Josh Duggar received counseling both at the work camp and afterward, paying for it himself, and as part of the process, his parents took him to make a report with the Arkansas State Police.

Because the contact was subtle in nature and occurring as victims slept, the girls weren’t aware it had taken place until their parents told them.

Despite being confident their son was no longer a threat to their other children after he had been treated and returned home, the Duggars left safeguards they’d instituted in place, and worked on healing within the family.

Seewald and Dillard, now 22 and 24 respectively, are defending their parents’ handling of the matter, and also their brother’s conduct once he came forward.

“As a mother now, I look back and I think, you know, my parents did such an amazing job,” Dillard stated. “For me, even when we went through the DHS investigation, they complimented my parents on what an amazing job they did through that process.”

“And, you know, they sent Josh away. They got to get help,” said Seewald. “When he came back, he was a totally different person, like totally different. He was repentant whenever he'd left.”

The women do not give their brother a pass for his actions as a young teen. Dillard said she was torn between shock and sadness when she learned what her he’d done. “I'm sad because this is my older brother who I love a lot,” she said. “And so it's like, you know, they're conflicting there.”

Her sister’s initial reaction was to get mad. “You know, I was angry at first,” Seewald said. “I was like, how could this happen?”

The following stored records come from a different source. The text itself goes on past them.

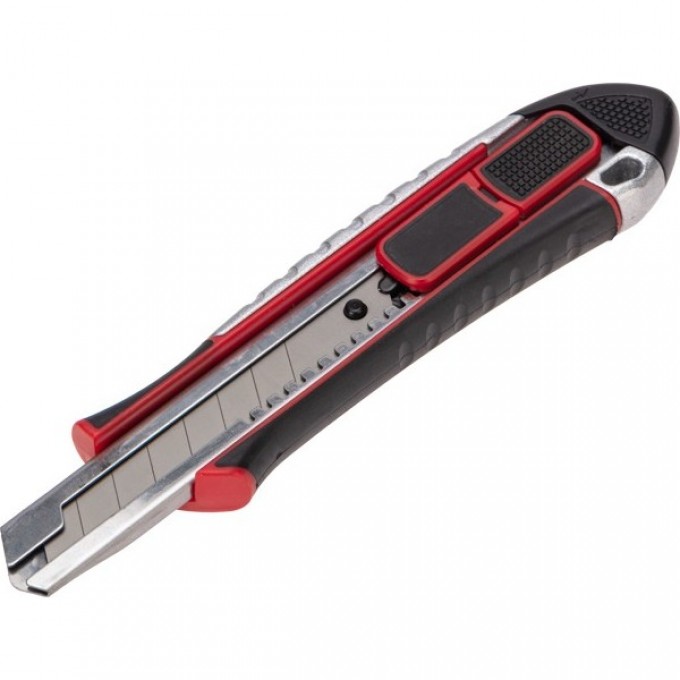 Нож с выдвижным сегментированным лезвием REXANT предназначен для реза различных материалов: пластика, линолеума, кровельных материалов, гипсокартонных и гипсолитовых плит, бумаги, картона. Прочный металлический корпус обладает удобной обрезиненной рукояткой, что увеличивает эксплуатационные свойства инструмента. Стальное лезвие фиксируется автоматически. Когда крайний сегмент затупляется, его можно отломить и продолжить использовать инструмент. Добавлена функция мгновенной резки при помощи дополнительного фиксатора с автовозвратом лезвия. В основании корпуса предусмотрено отверстие для подвеса ножа. Качественные материалы обеспечивают долгий срок службы инструмента.
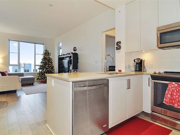 WELCOME TO MOSAIC Homes-FREMONT VILLAGE LIVING-Like New,Executive Style 'Atlin'Plan with Efficient Layout & Modern Appeal. Enjoy the Gourmet Kitchen with Light Cabinetry, Quartz Countertops & beautiful Hard Surface Flooring throughout.Plus 10' high ceilings. very Bright unit with lots of Natural Light. The living room has plenty of space for entertaining & provides access to the Large, Covered Balcony w/ South facing View.Both bedrooms are located on either side for Maximum Privacy & options. One Parking & One Storage Locker.Balance of 2/5/10 Home Warranty.Pets & Rentals Allowed.The exclusive Riverclub has a pool,gym, fitness studio,children's playroom, dog wash, bike wash and bike storage.Install an electrical outlet to charge your Electric Vehicle. Maint fee includes heating & hot water.
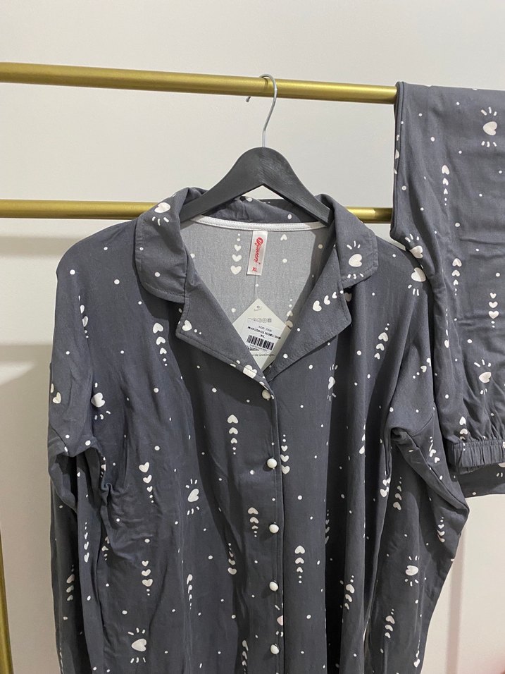 Kadınlar için bol kesim, uzun kollu ve baskılı desenli gri pijama takımı, rahatlık ve minimalist stil sunar.

But Josh got help, repented, and asked her to forgive him. “My parents explained to us what happened and then Josh came and asked each of us individually I know, but he asked me to forgive him,” said Seewald. “And I had to make that choice to forgive him, you know. And it wasn't something that somebody forced.”

Seewald said her brother was a young boy in the midst of puberty who got into trouble because he was too curious about girls. “And he made some bad choices,” she said, “but really the extent of it was mild inappropriate touching on fully clothed victims.”

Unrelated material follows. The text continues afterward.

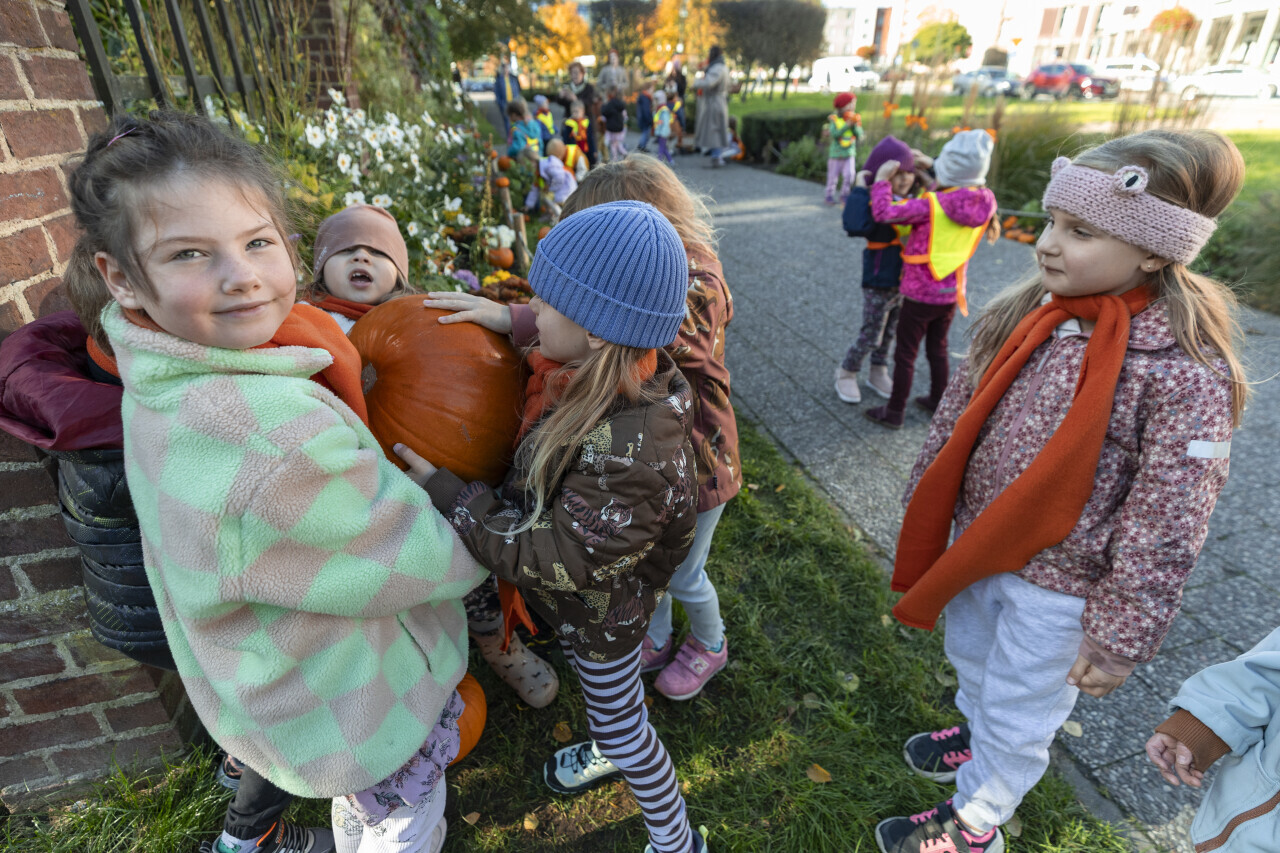Gdańsk. Przystrajanie Placu Kobzdeja dyniami.

The family had worked through what happened and moved on, five years later becoming the subject of their popular TV program following their large, close Christian family.

So when the news came that the abuse would be brought back up in public, they were angry, because the children involved had been assured in the investigation their privacy would be maintained.

“Whenever I heard the police reports had been released, that I said what — like they didn't have the right to do this,” said Dillard. “We're victims. They can't do this to us.”

“A system that was set up to protect kids, both those who make stupid mistakes or have problems like this in their lives and the ones that are affected by those choices, it's just — it's greatly failed,” Seewald said. “Well, and the Freedom of Information Act is not — you can't FOIA a juvenile case, everybody knows that.”

“I see it as a re-victimization that's even a thousand times worse,” said Dillard. “Because this is something that was already dealt with. We've already forgiven Josh, we've already moved on.”

Now that’s been drudged back up and used to denounce their whole family, the women were compelled to come forward.

“You know, we didn't choose to come out and tell our story,” said Dillard. “This wouldn't have been our first choice.”

“But now that the story has been brought about, we really feel like as we've been seeing these headlines, as we've been seeing things that people are saying about our family, we feel like as victims we have to come out and speak,” she said. “And so for truth sake, we want to come out and set the record straight.”